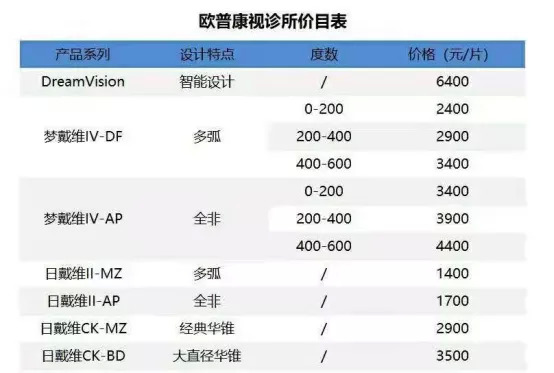 而在公開(kāi)資料中,歐普康視銷(xiāo)量最高的“夢(mèng)戴維IV全非”產(chǎn)品0度~200度為3400元/片,200度~400度3900元/片,400度~600度4400元/片,DreamVision智能化設(shè)計(jì)系統(tǒng)6400元/片,也就是說(shuō),一副的價(jià)格約在6800元~12800元,出廠價(jià)格與終端價(jià)格相去甚遠(yuǎn)。
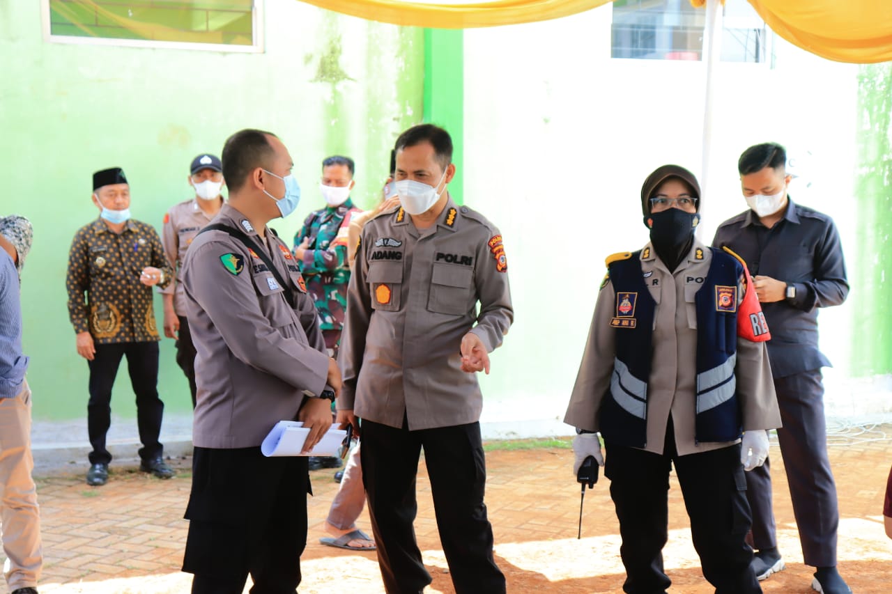 Kapolres Ciamis AKBP Wahyu Broto Narsono Adhi, S.I.K., M.Sc.Eng., mendampingi Kabid Dokkes Polda Jabar Kombes Pol. dr. Adang Azhar monitoring pelaksanaan vaksinasi untuk anak usia 12-17 tahun dan lansia di sebuah Pondok Pesantren di Kabupaten Ciamis, Kamis (29 Juli 2021).
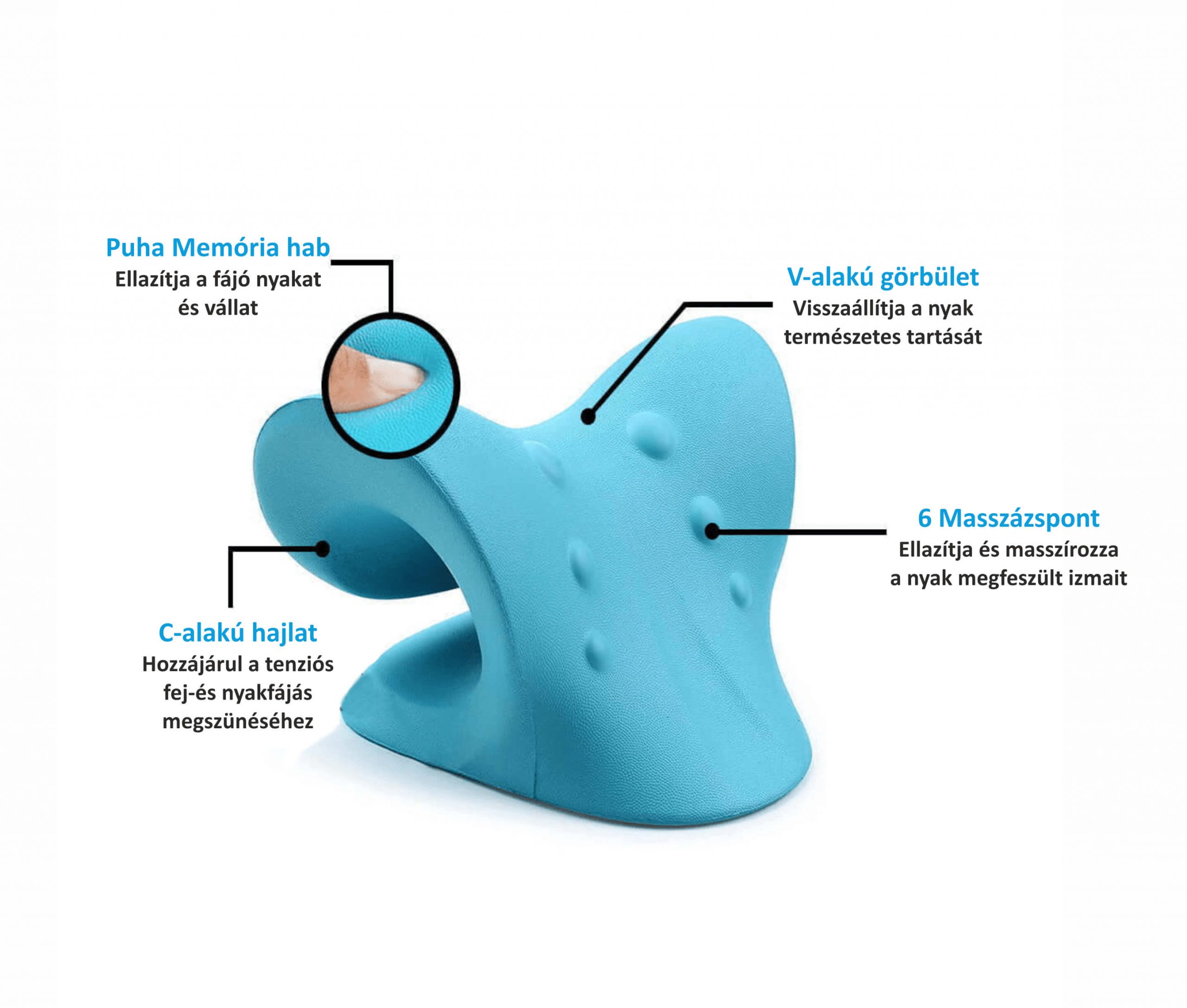 Ergonomikus kialakításának, a puha memóriahabnak és a 6 db masszázspontnak köszönhetően dekompresszálja a csigolyákat és javítja a gerincen keresztüli véráramlást és mindezt akár otthona kényelméből.
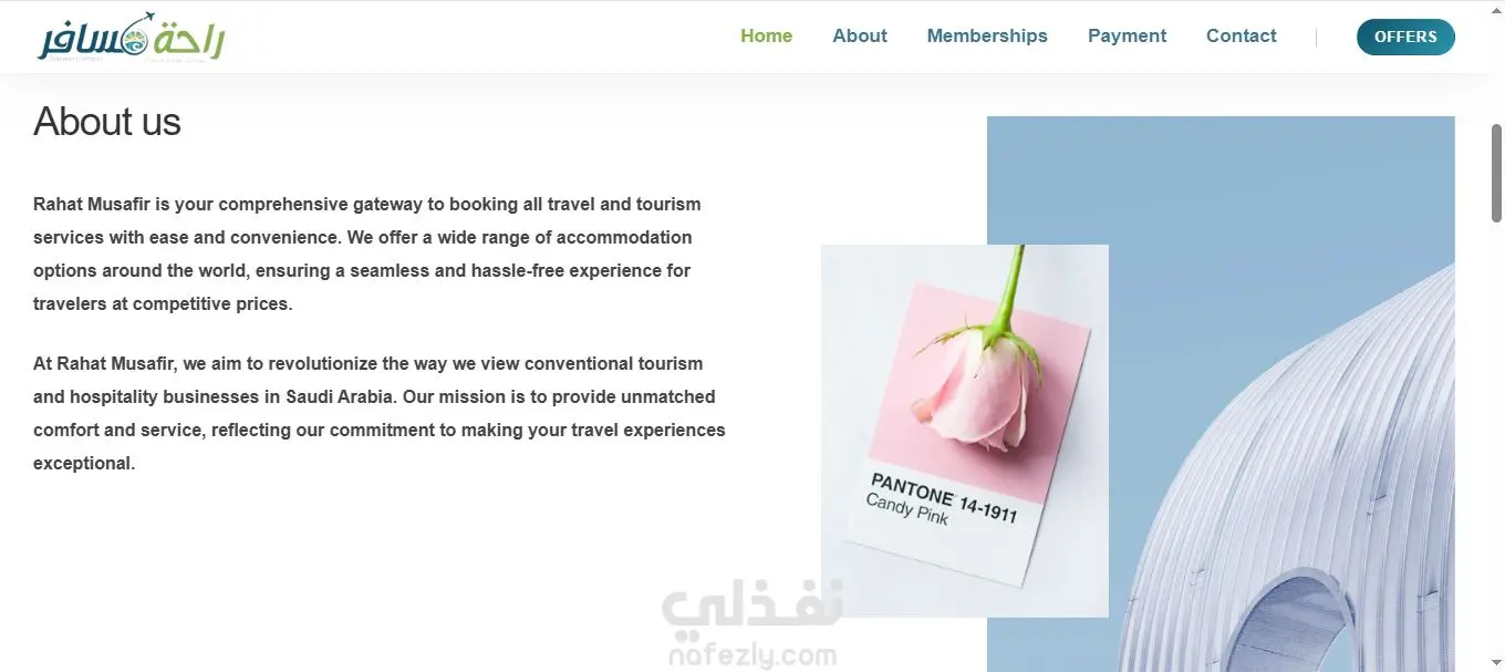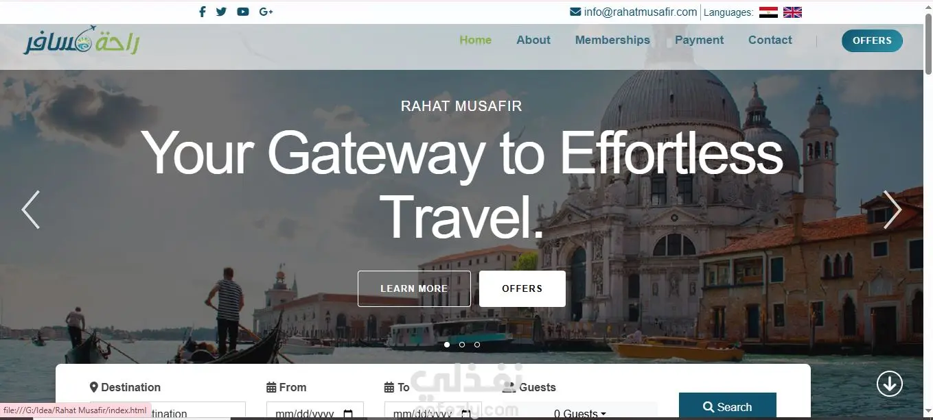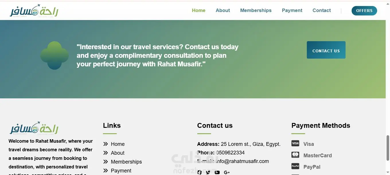 في Rahat Musafir، قمنا بتصميم وتطوير الموقع الإلكتروني للشركة باستخدام HTML, CSS, JavaScript، وBootstrap، مع التركيز على واجهة حديثة ونظيفة تعكس هوية الشركة واحترافية خدماتها. تم تصميم صفحات متجاوبة (Responsive) لتعمل بسلاسة على جميع الأجهزة، مع تفاعلات ديناميكية تشمل: سلايدرز للوجهات السياحية قوائم منسدلة للغات والعضويات نماذج تواصل فعّالة للاستفسارات وحجز الخدمات يهدف الموقع إلى تقديم تجربة مستخدم سلسة وجذابة، مع عرض خدمات السفر والحجز بطريقة مبتكرة، تجمع بين الجمال، الأداء، وسهولة الاستخدام. كما يعرض الموقع بوضوح خيارات العضويات، الحزم السياحية، وطرق الدفع المتاحة، مع التركيز على راحة العميل وتميز الخدمة في كل تفاصيل الرحلة.
+++
**Work task**
The whole of the data above needs retyping exactly, with pictures omitted.

**Result of the exercise**
 而在公開(kāi)資料中,歐普康視銷(xiāo)量最高的“夢(mèng)戴維IV全非”產(chǎn)品0度~200度為3400元/片,200度~400度3900元/片,400度~600度4400元/片,DreamVision智能化設(shè)計(jì)系統(tǒng)6400元/片,也就是說(shuō),一副的價(jià)格約在6800元~12800元,出廠價(jià)格與終端價(jià)格相去甚遠(yuǎn)。
 Kapolres Ciamis AKBP Wahyu Broto Narsono Adhi, S.I.K., M.Sc.Eng., mendampingi Kabid Dokkes Polda Jabar Kombes Pol. dr. Adang Azhar monitoring pelaksanaan vaksinasi untuk anak usia 12-17 tahun dan lansia di sebuah Pondok Pesantren di Kabupaten Ciamis, Kamis (29 Juli 2021).
 Ergonomikus kialakításának, a puha memóriahabnak és a 6 db masszázspontnak köszönhetően dekompresszálja a csigolyákat és javítja a gerincen keresztüli véráramlást és mindezt akár otthona kényelméből.
 في Rahat Musafir، قمنا بتصميم وتطوير الموقع الإلكتروني للشركة باستخدام HTML, CSS, JavaScript، وBootstrap، مع التركيز على واجهة حديثة ونظيفة تعكس هوية الشركة واحترافية خدماتها. تم تصميم صفحات متجاوبة (Responsive) لتعمل بسلاسة على جميع الأجهزة، مع تفاعلات ديناميكية تشمل: سلايدرز للوجهات السياحية قوائم منسدلة للغات والعضويات نماذج تواصل فعّالة للاستفسارات وحجز الخدمات يهدف الموقع إلى تقديم تجربة مستخدم سلسة وجذابة، مع عرض خدمات السفر والحجز بطريقة مبتكرة، تجمع بين الجمال، الأداء، وسهولة الاستخدام. كما يعرض الموقع بوضوح خيارات العضويات، الحزم السياحية، وطرق الدفع المتاحة، مع التركيز على راحة العميل وتميز الخدمة في كل تفاصيل الرحلة.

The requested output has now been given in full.